**Task instructions**
Set down exactly the lines from the first line of the records through the line that contains "Las llamas adorables, adornadas", and leave every picture out.

Stored data entries:
========================

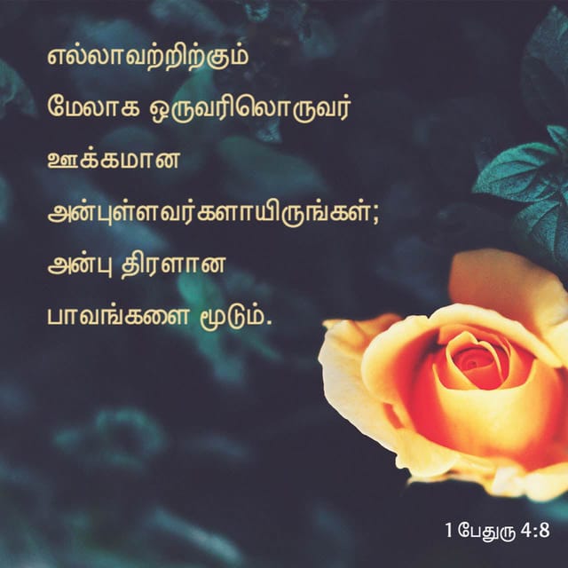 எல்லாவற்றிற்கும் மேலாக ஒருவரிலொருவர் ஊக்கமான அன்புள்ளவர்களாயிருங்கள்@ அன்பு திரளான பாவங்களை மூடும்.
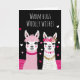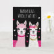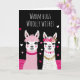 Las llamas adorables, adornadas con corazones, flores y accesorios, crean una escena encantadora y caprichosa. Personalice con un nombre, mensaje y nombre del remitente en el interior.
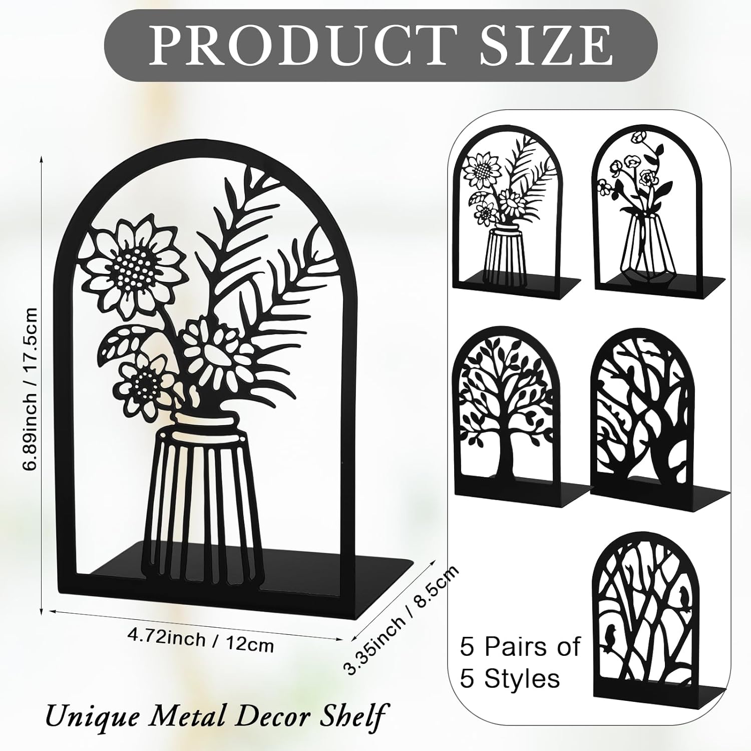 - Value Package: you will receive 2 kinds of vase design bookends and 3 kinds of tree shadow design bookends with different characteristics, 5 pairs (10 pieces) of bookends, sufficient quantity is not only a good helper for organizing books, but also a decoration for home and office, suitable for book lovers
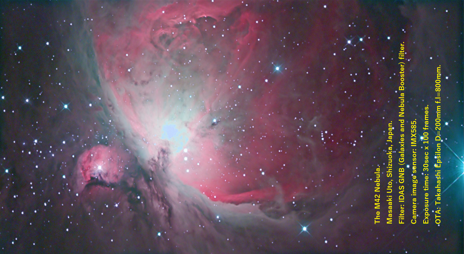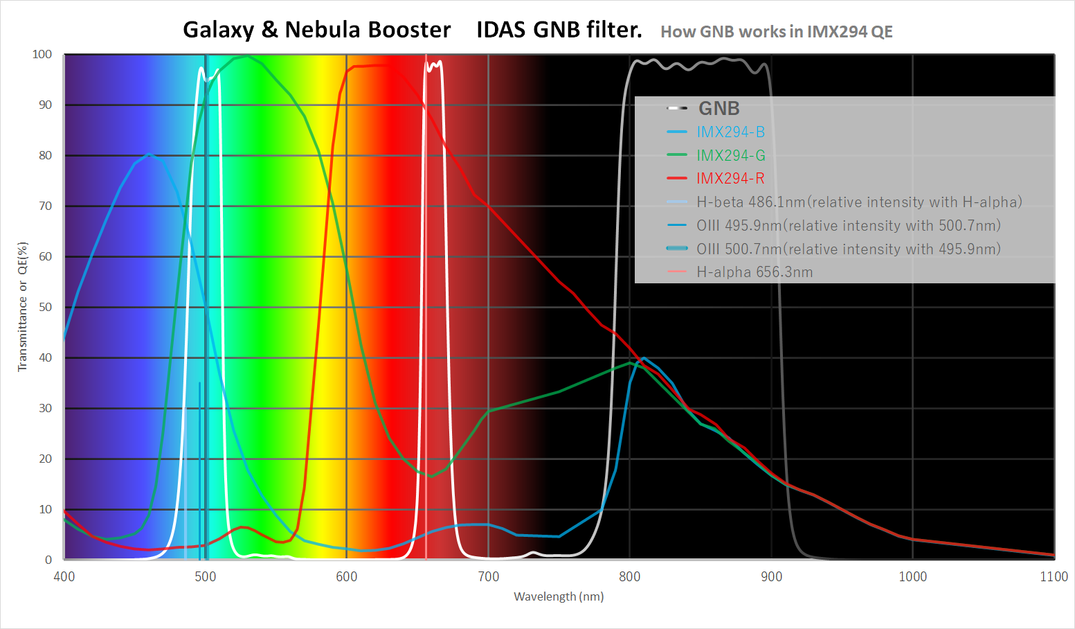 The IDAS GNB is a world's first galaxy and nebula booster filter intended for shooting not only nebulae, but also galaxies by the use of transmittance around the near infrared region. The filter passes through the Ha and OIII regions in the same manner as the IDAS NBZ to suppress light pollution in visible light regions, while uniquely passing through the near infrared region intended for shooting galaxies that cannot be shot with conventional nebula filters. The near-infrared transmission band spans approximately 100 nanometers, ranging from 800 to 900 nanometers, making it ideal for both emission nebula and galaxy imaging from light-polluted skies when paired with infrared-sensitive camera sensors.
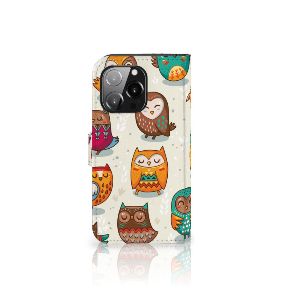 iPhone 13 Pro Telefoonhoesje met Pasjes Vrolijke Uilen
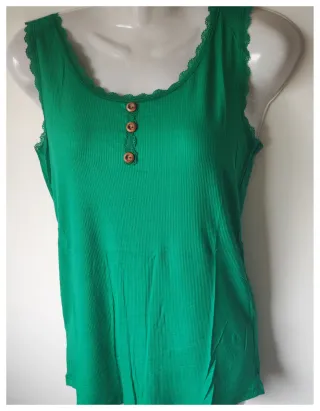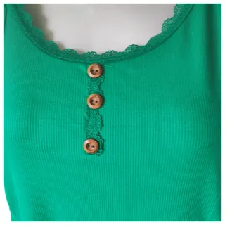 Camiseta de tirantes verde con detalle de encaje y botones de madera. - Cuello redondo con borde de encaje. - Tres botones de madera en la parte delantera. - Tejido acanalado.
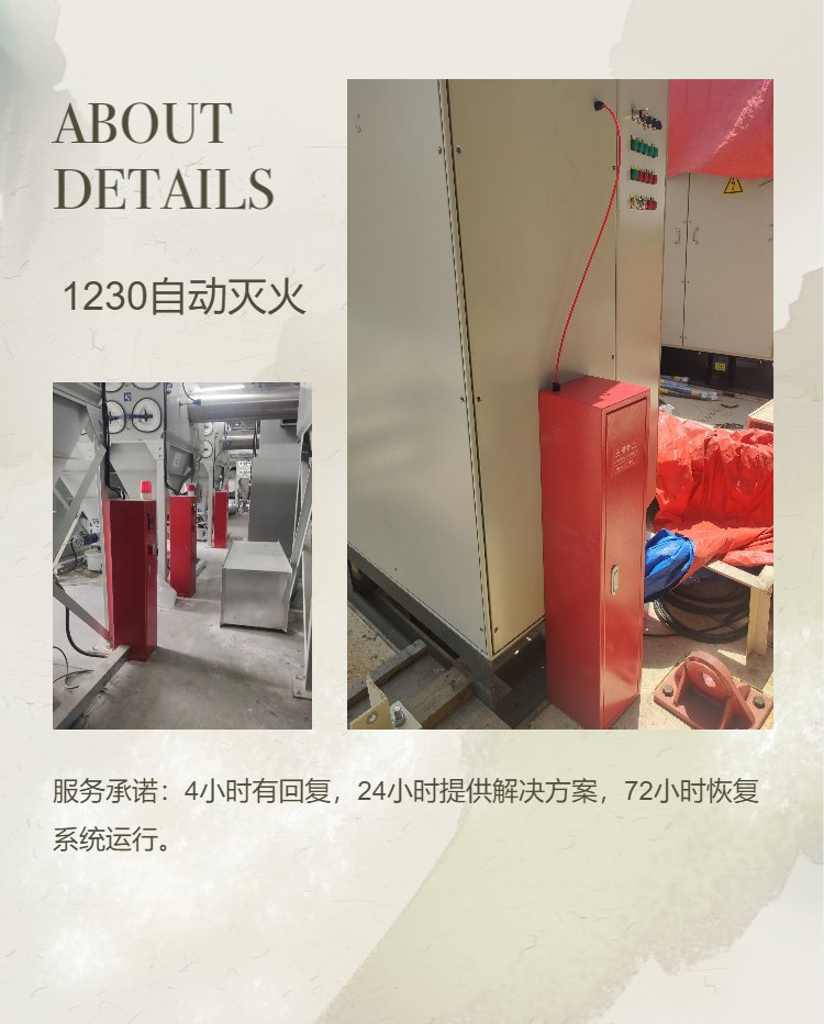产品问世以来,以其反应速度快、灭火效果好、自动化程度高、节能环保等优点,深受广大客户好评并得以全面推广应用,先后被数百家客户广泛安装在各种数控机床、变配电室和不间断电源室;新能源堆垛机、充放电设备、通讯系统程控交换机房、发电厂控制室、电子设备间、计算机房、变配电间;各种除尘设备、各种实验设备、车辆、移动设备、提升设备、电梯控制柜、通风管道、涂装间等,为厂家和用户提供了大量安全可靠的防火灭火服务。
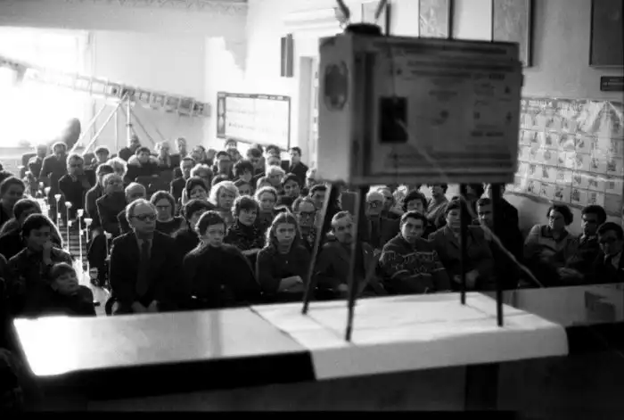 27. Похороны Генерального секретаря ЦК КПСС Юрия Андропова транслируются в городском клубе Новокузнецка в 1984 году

========================

**Task answer**
 எல்லாவற்றிற்கும் மேலாக ஒருவரிலொருவர் ஊக்கமான அன்புள்ளவர்களாயிருங்கள்@ அன்பு திரளான பாவங்களை மூடும்.
 Las llamas adorables, adornadas con corazones, flores y accesorios, crean una escena encantadora y caprichosa. Personalice con un nombre, mensaje y nombre del remitente en el interior.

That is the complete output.